I guess for me it's about being with the RIGHT person, and being engaged on all levels.

Luckily I've had the odd occasion I've tasted what I'm looking for and felt the lonliness disappear...so I know it's out there somewhere, and I'm not willing to settle for less anymore as far as romantic relationships go...had enough of that.


----------



## periculosa (Apr 3, 2010)

Tal said:


> Interesting thread.
> 
> I'm personally lonely all the time. I think it would be good to define what loneliness is for me a little though, as most of the suggestions I've seen here, reading, writing, good movie etc., for me have more to do with boredom than lonliness (I'm always lonely, but rarely bored). Basically different ways to sidetrack/entertain yourself.
> 
> ...


Interesting that you try to "define" loneliness. I have no difficulty distinguishing it from boredom. I am rarely bored, because I am very busy and I have to try to function in spite of the strong emotions I feel most days.

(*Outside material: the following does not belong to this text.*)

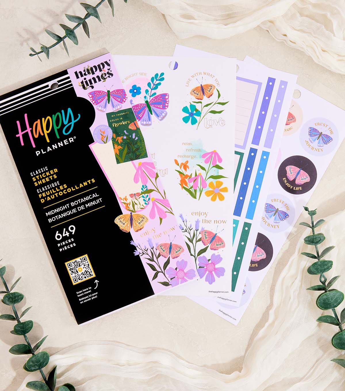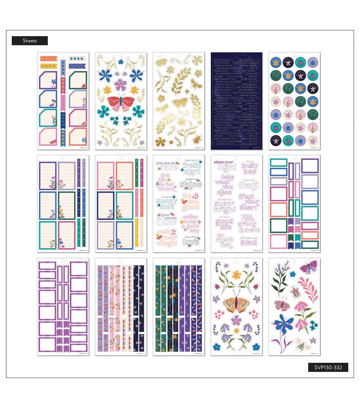 This Midnight Botanical sticker book features pinks, purples, and garden-grown florals. Expand the use of your planner layouts and unleash your artistic side with these gorgeous botanical stickers. Make notes, add reminders, and jot down quick ideas. Add these themed stickers to any Happy Planner, notebook, or journal. Create plans that are one of a kind!

But if I had to use a term other than loneliness for what I feel, then I would call it longing. I haven't had a satisfying intimate (both physical and emotional) relationship with another person in a very long time. I thought I had such a relationship with my husband and then I discovered that it was simply a self-sustained illusion. The loneliness I feel at times is almost a palpable thing; it sears through me. Sometimes I don't want to go out in public where I see couples, and would rather be out alone in nature. In those moments, paradoxically, I _don't_ feel lonely. When I am out in the woods I feel more a part of the world than when I am among people.

Hobbies or watching TV or listening to music isn't going to make this sort of longing go away. Sometimes, though, writing helps. On a lucky day I get involved enough in some activity or other and I manage to forget for a few hours. But lately most everything, even the things that I once got passionate about, simply seem hollow. I worry that I will be swallowed up my sadness and my loneliness.


----------



## Tal (Oct 19, 2009)

periculosa said:


> But if I had to use a term other than loneliness for what I feel, then I would call it longing.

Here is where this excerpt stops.